Tensile modulus of human orbital wall bones cut in sagittal and coronal planes

Krzysztof Zerdzicki  1 Pawel Lemski  2 Pawel Klosowski  1 Andrzej Skorek  2 Marcin Zmuda Trzebiatowski  1 Mateusz Koberda  3
Affiliations

Tensile modulus of human orbital wall bones cut in sagittal and coronal planes

Krzysztof Zerdzicki et al. PLoS One. .

Abstract

In the current research, 68 specimens of orbital superior and/or medial walls taken from 33 human cadavers (12 females, 21 males) were subjected to uniaxial tension untill fracture.
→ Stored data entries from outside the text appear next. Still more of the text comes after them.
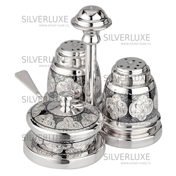 Серебро 875 пробы. В набор входят сольница, перечница, соусница и лопаточка. Прекрасное дополнение к любому столу! Серебряный набор для специй от кубачинских ювелиров. Гарантия высшего качества от фирменного магазина!
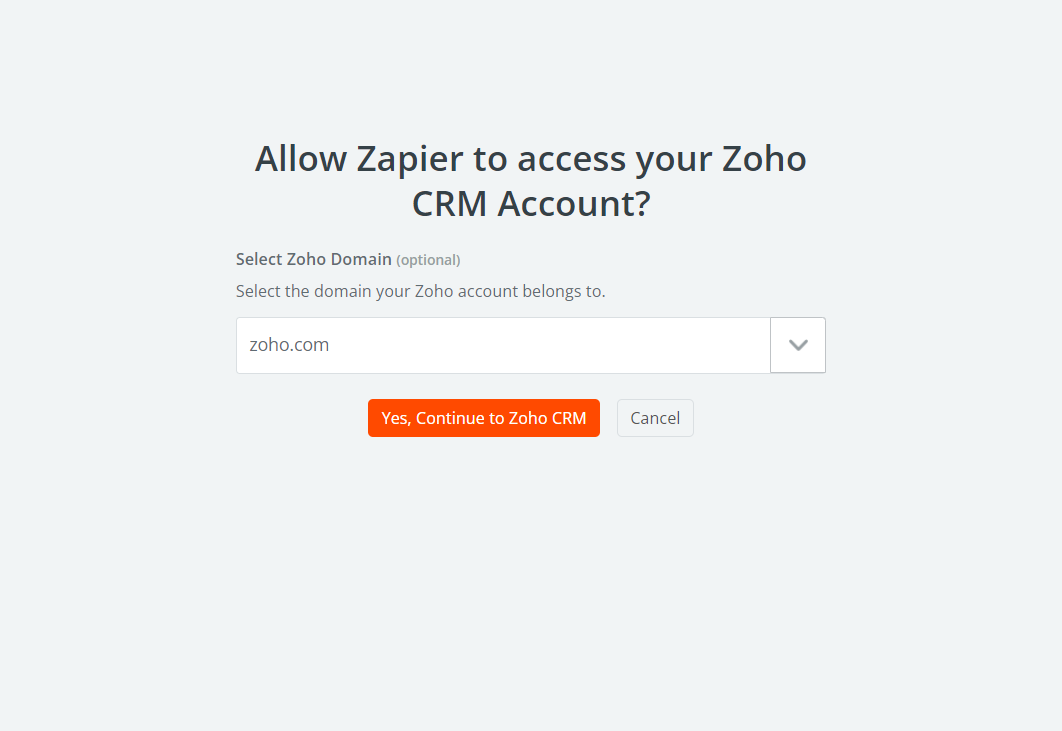 3. A pop up will appear, here you add/select the information they are asking (in this example asking for domain- in this we will select zoho.com since our account is on that domain) and click on Yes, continue to Zoho CRM (refer screenshot below)
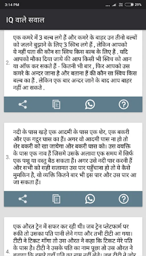 Get riddles and answers to share and challenge your friends. You can vote for your favorites, leave comments and submit your own riddles in hindi to share.
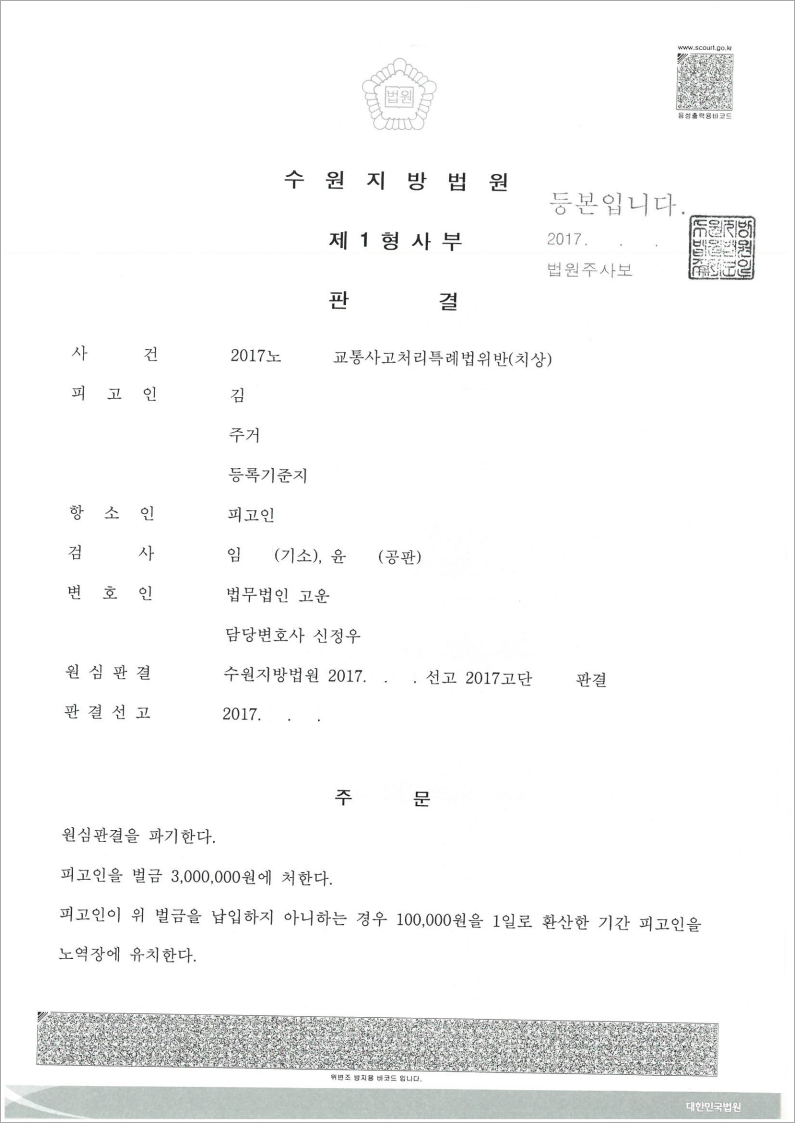 저희 법무법인 고운은 피고인의 입장에서 이 사건 사고가 고의로 발생한 것이 아니라는 점과 사고경위에 참작할만한 사정을 변론하고, 피고인 가정의 생계를 책임지고 있는 사실과 직장을 상실할 가능성이 있는 점 등을 부각시켜, 결국 1심 판결을 취소하고 벌금 300만원으로 최상의 결과를 얻을 수 있었습니다.

The samples were cut in the coronal (38 specimens) and sagittal (30 specimens) planes of the orbital wall. Apparent density (ρapp), tensile Young's modulus (E-modulus) and ultimate tensile strength (UTS) were identified. Innovative test protocols were used to minimize artifacts and analyze the obtained data: (1) grips dedicated to non-symmetrical samples clamping were applied for mechanical testing, (2) non-contact measuring system of video-extensometer was employed for displacement registration, (3) ink imprint technique coupled with CAD analysis was applied to precisely access the cross-sectional areas of tested samples. With regard to a pooled group, apparent density for the coronal and sagittal cut plane was equal 1.53 g/cm3 and 1.57 g/cm3, tensile Young's modulus 2.36 GPa and 2.14 GPa, and ultimate tensile strength 12.66 MPa and 14.35 MPa, respectively. No significant statistical differences (p > 0.05) were found for all the analyzed parameters when comparing coronal and sagittal plane cut groups. These observations confirmed the hypothesis that direction of sample cut does not affect the mechanical response of the orbital wall tissue, thus suggesting that mechanical properties of orbital wall bone show isotropic character.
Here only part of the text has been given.